# Bfn day 13 and a bfp day 14 possible?



## Kerrie_1975 (Aug 23, 2009)

Does anyone know if it is possible to get a bfp on day 14 if you get a neg on day 13?

I have had no bleed and am still getting cramps. I am so upset it is all over. 

Please advice. 

Thanks kerrie xx


----------



## Kerrie_1975 (Aug 23, 2009)

I guess this has not happened to anyone then.   

Kerrie xx


----------



## Becky79 (Apr 14, 2007)

Hi Kerry,

I just wanted to reply, I am having my first IVF so have no personal experience. I would say however if you had a strong positive it is very unlikely that the test is wrong. It is far more likely to be a false negative than a false positive. I would suggest doing another test tomorrow and would use the same brand. Then talk to your cllinic as if your really not sure you could ask your clinic to do a blood test to check you HCG levels.
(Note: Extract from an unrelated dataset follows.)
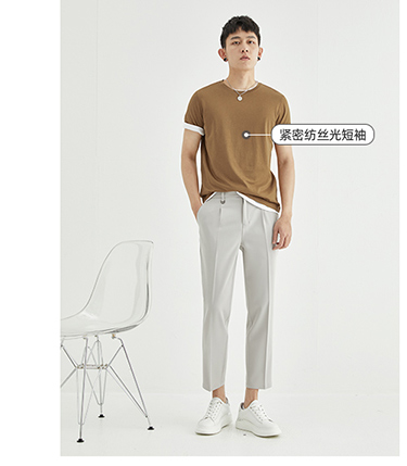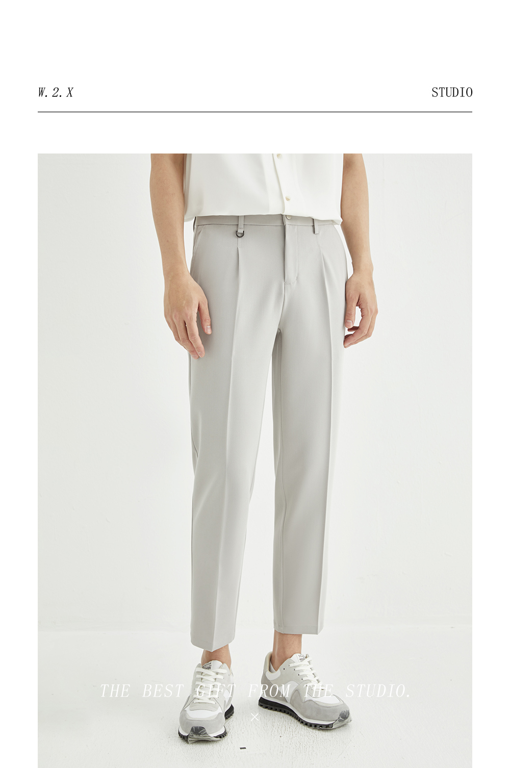 w2x mùa hè mỏng quần âu nam quần chín điểm quần tây nam quần tây nam đẹp trai xếp nếp quần âu nhỏ băng lụa quần nam 9 điểm

Hope this has been helpful and you get a definate answer soon


----------



## Kerrie_1975 (Aug 23, 2009)

Becky, 

Thank you so much for your reply, it was very comforting! You are so right! I'll do another one tom.  

Good luck for you too!! 

Kerrie xxx


----------



## reb363 (Mar 1, 2009)

Kerrie - my consultant (head of big hospital) called me today and he said it is perfectly possible and he's seen it lots of times before.  It's not over til the witch turns up.  Sending you fairy dust to keep her away  .  Sleep well.  Rebxx


----------



## Kerrie_1975 (Aug 23, 2009)

Thanks Reb, 

Thanks great to hear!!  

 for all!!  

night night xxxx


----------



## nutmeg (Aug 21, 2009)

You know I'm reading this in hope too Kerrie   fingers crossed for us both tomorrow. Sleep well.


----------



## lexig (Dec 11, 2008)

kerrie_1975 & nutmeg, oh I do hope you both get that line tomorrow, wishing you all the best.
  
Lexig
xxx


----------



## Kerrie_1975 (Aug 23, 2009)

Hi girls, 

Well it's def all over for me, another bfn this morn, I am so deeply upset.  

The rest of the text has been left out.